A young girl is murdered and tells her story from the afterlife.

Peter Jackson’s best film since Heavenly Creatures, this is an adaptation of Alice Sebold’s novel which is distinctive for quite sensational visuals from cinematographer Andrew Lesnie and an astonishing performance from Stanley Tucci as the banal but deviant neighbour who murders the fourteen year old narrator of the film, played with immense confidence by young Saoirse Ronan. Tucci captures a sense of evil which is genuinely disturbing and allows Jackson to be relatively discreet in the portrayal of the murder. In fact, the film underplays both the potential for both horror and sentimentality, and the result is something very unusual and distinctive. A slight misstep is Susan Sarandon’s quirky performance as the lush of a grandmother but this is compensated for by the fine, understated work by  Mark Wahlberg and Rachel Weisz as Ronan’s parents trying to cope with grief. 

Sunday, 7 April 2013


1977, James Goldstone, 117 mins.

American amusement parks are stalked by a maniac.

Connoisseurs of the art of screen acting sometime have to look in the most unusual places – Rollercoaster for example. It’s a ho-hum suspense movie which is never anything other than predictable and is shot in a flat TV movie style which makes it visually indistinguishable from the average cop show of the 1970s. The supporting performances by the likes of Richard Widmark and Henry Fonda are strictly for the money and Timothy Bottoms is peculiarly mannered as the bad guy who likes to blow up fairground rides. But it’s worth it all for George Segal’s quite sensational performance in the lead. It’s not a great part and the dialogue is generally mediocre but he adds grace notes and gives the character so much wit and style that he stands out as a credible, complicated person in the midst of banality. 

Tuesday, 2 April 2013


2013, Danny Boyle, 101 mins.

An auctioneer becomes involved with an art robbery. 

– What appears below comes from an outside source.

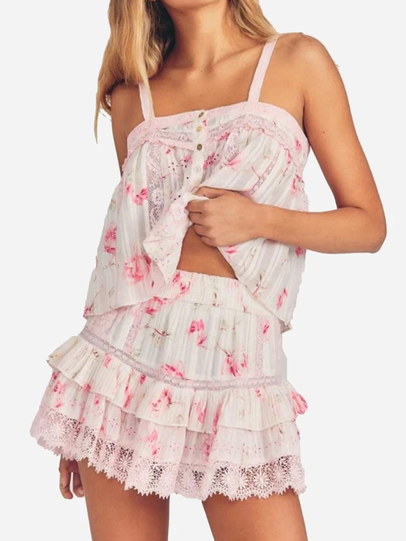 The Loveshackfancy Maitri Tank is all about the details in 100% cotton. This day-to-night top features dobby stripe fabric, center-front placket and custom inset laces and embroidery throughout. Pair it with the Tanisha mini skirt.

The problem with Trance is that it twists about so much that it eventually coils its way up its own rectum. It’s a clever enough film which uses hypnosis with a lot more intelligence than you might expect, although it does depend on the idea that the central character, played by James McAvoy whose performance which is unfortunately reminiscent of Ewan McGregor at his most unappealing, is the most suggestible hypnotic subject in the history of the discipline. The plot, in which he gets involved with sexy therapist Rosario Dawson at the behest of gangster Vincent Cassel, hangs together  well until the last half hour when a string of daft revelations pile up and characters behave in ways which are wildly contrary to the way they have been developed. Danny Boyle’s stylish direction just about keeps it watchable. 

Friday, 22 March 2013


1971, Michael Tuchner, 94 mins. 

A mother-fixated gangster is involved in a disastrous robbery. 

Although ostensibly a gangster movie, Villain is actually most interesting as a state of the nation film which portrays Britain in the early seventies as a country going rapidly down the drain. Nothing works properly, the system is corrupt, sex is degrading and you can’t even pull off a decent payroll robbery because the unions are going out on strike. Richard Burton is pretty good as Vic Dakin, the villain of the title - clearly based on a combination of Reggie Kray and Cagney in White Heat – and Nigel Davenport is splendid as his nemesis, the only honest copper in the Met. The location filming is fantastic, especially a botched heist on a Bracknell factory, and the cast is packed with familiar faces, ranging from  Donald Sinden to James Cossins. Not quite on a par with Get Carter but close.